Information provided:
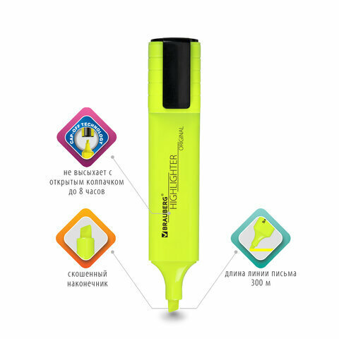 Маркер-текстовыделитель (для выделения текста) 4 Цвета, Brauberg Original Neon, линия письма 1-5 мм, 152215
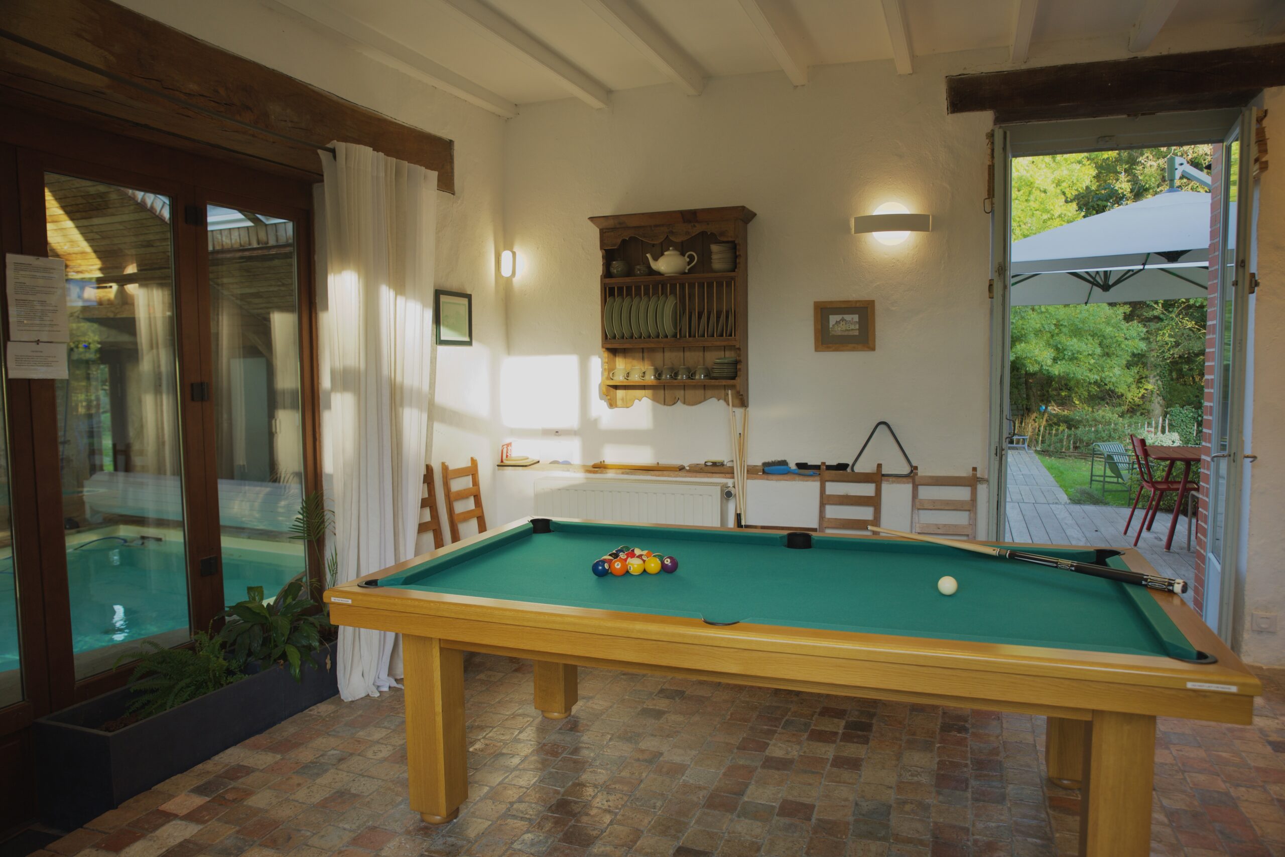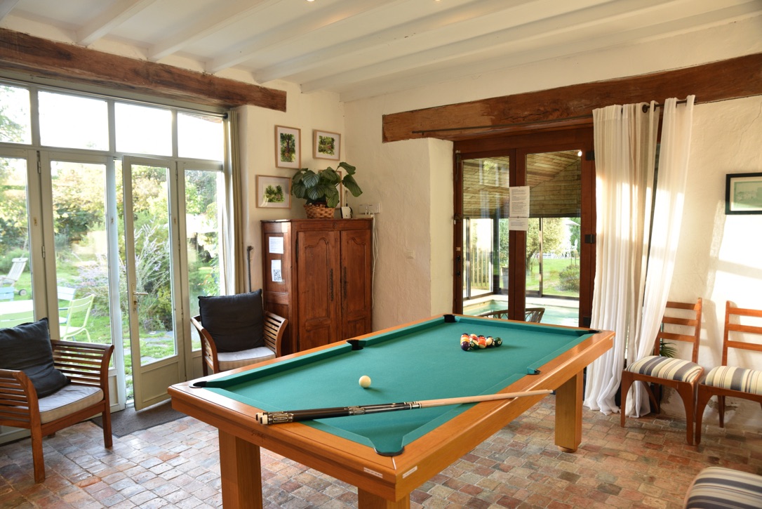 La pièce commune du cottage (25m2) : Billard Américain/français transformable en table de travail pour 10 personnes, vue sur les jardins et la piscine intérieure. Murs blanchis à la chaux, tommettes aux sols.
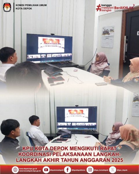 Komisi Pemilihan Umum (KPU) Kota Depok mengikuti Rapat Koordinasi yang diselenggarakan oleh KPU Provinsi Jawa Barat pada Selasa, 23 Desember 2025, dengan agenda membahas langkah-langkah akhir tahun anggaran 2025. Rapat yang diadakan secara daring ini bertujuan untuk memastikan kesiapan satuan kerja di seluruh KPU Kabupaten/Kota dalam menyelesaikan tahapan akhir tahun anggaran dengan tertib dan tepat waktu, serta sesuai dengan ketentuan peraturan yang berlaku.

Task brief: Produce a word-for-word version of the material, with no pictures included.

Solution:
 Маркер-текстовыделитель (для выделения текста) 4 Цвета, Brauberg Original Neon, линия письма 1-5 мм, 152215
 La pièce commune du cottage (25m2) : Billard Américain/français transformable en table de travail pour 10 personnes, vue sur les jardins et la piscine intérieure. Murs blanchis à la chaux, tommettes aux sols.
 Komisi Pemilihan Umum (KPU) Kota Depok mengikuti Rapat Koordinasi yang diselenggarakan oleh KPU Provinsi Jawa Barat pada Selasa, 23 Desember 2025, dengan agenda membahas langkah-langkah akhir tahun anggaran 2025. Rapat yang diadakan secara daring ini bertujuan untuk memastikan kesiapan satuan kerja di seluruh KPU Kabupaten/Kota dalam menyelesaikan tahapan akhir tahun anggaran dengan tertib dan tepat waktu, serta sesuai dengan ketentuan peraturan yang berlaku.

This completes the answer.